С тех пор мы с братом пользовались любой возможностью, чтоб попасть куда-нибудь на концерт, а концерты тогда давались не только в эстрадных театрах или концертных залах, но даже в кино. Некоторые киевские кинотеатры в те годы работали не по обычному графику. Отдельных сеансов в этих кинотеатрах не было. На весь вечер полагался один киносеанс, перед которым устраивали большой эстрадный концерт. Публика в убытке не была. Насладившись концертом, она смотрела еще на закуску кинопрограмму, состоявшую обычно из так называемого видового фильма, кинохроники, короткометражной комедии с тумаками и подзатыльниками и большой драмы с завлекающим названием или американского боевика с ковбоями, с погонями, убийствами, нападениями, похищениями, с индейцами, вигвамами, мокасинами и томагавками.
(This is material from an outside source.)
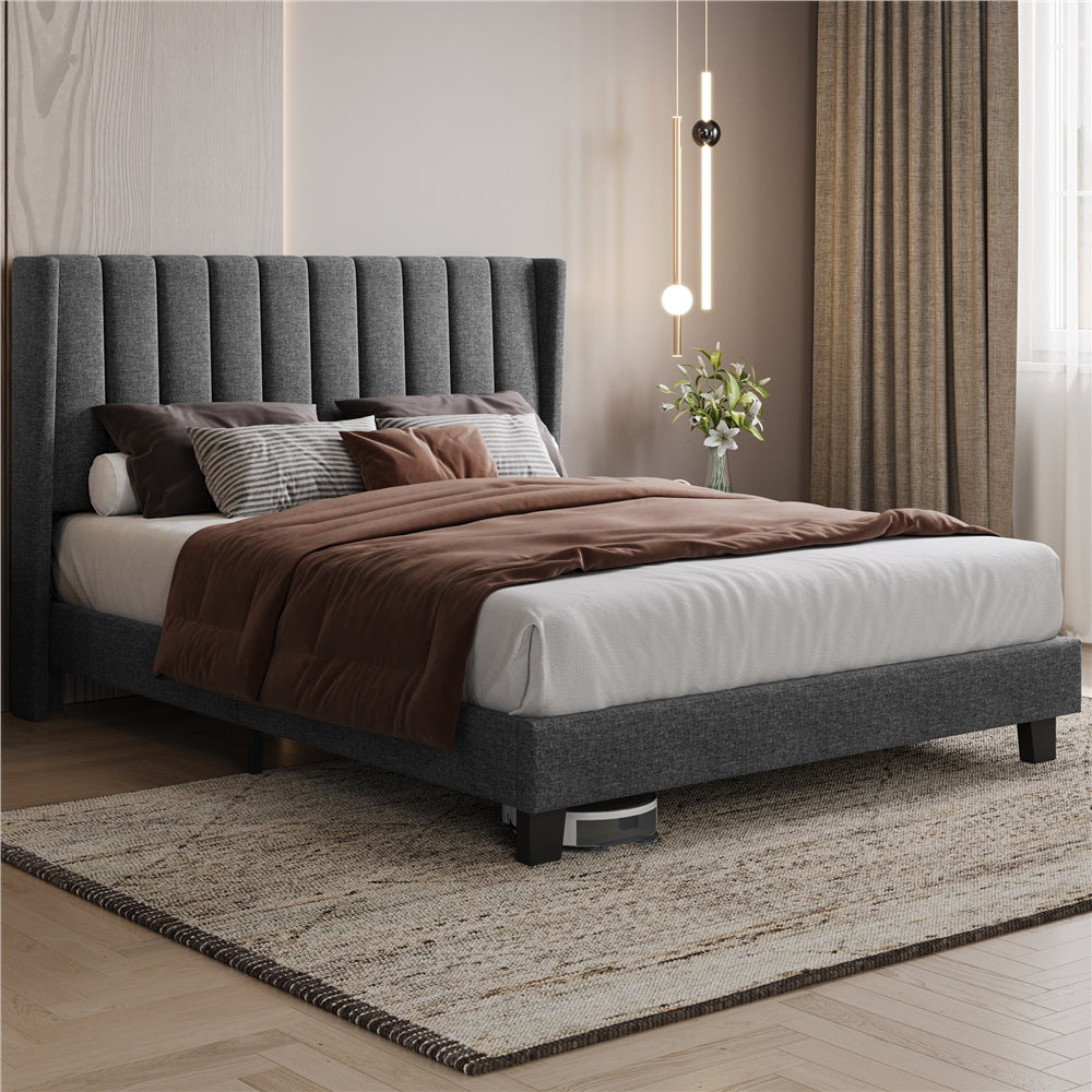 A contemporary platform bed combining refined upholstery with engineered durability. The channel-tufted headboard features distinctive wing detailing, creating visual depth and a grounded aesthetic. Built on a hardwood slat foundation that supports mattresses directly—no box spring required—this frame delivers both practicality and design sophistication. Upholstered in quality linen with reinforced metal joinery and MDF construction, it's available in versatile beige or dark grey finishes. Integrated floor protectors preserve your flooring, and the straightforward assembly process ensures minimal installation effort.

Фильмы эти были так называемые немые, но шли они не в абсолютной тишине, а под музыку, исполняемую на пианино. Пианист время от времени поглядывал на экран и, если в картине было что-нибудь грустное, исполнял выбранную на свой вкус какую-нибудь грустную мелодию; если в фильме происходила битва, драка, погоня, падение поезда под откос или с моста в реку, он играл что-нибудь бравурное; когда же на экране общество веселилось или происходили танцы, он тут же переключался на какой-нибудь плясовой мотив. Без такого музыкального сопровождения немой фильм терял больше половины своей прелести, и многое в его восприятии зависело от квалификации пианиста, от его умения подобрать на каждый момент соответствующую музыку и тронуть, так сказать, зрителя за душу качеством исполнения.
Я не знаю, какой кинофабрикой был поставлен демонстрировавшийся в те времена кинофильм под названием "По диким степям Забайкалья". Содержание его примерно следующее. У какого-то бедняка крестьянина за неуплату долга помещику городовые отбирают единственную корову. Отчаявшийся крестьянин оказывает сопротивление полиции. За это его отдают под суд и ссылают в Сибирь на каторгу. Дома остаются жена, малые ребятишки, старенькие родители. Истосковавшись по родным, по дому, бедняга совершает побег, пробирается с неимоверными трудностями через всю Сибирь, но, когда уже почти добирается до родного дома, его снова хватает полиция и водворяет обратно на каторгу, так и не дав повидаться с родными.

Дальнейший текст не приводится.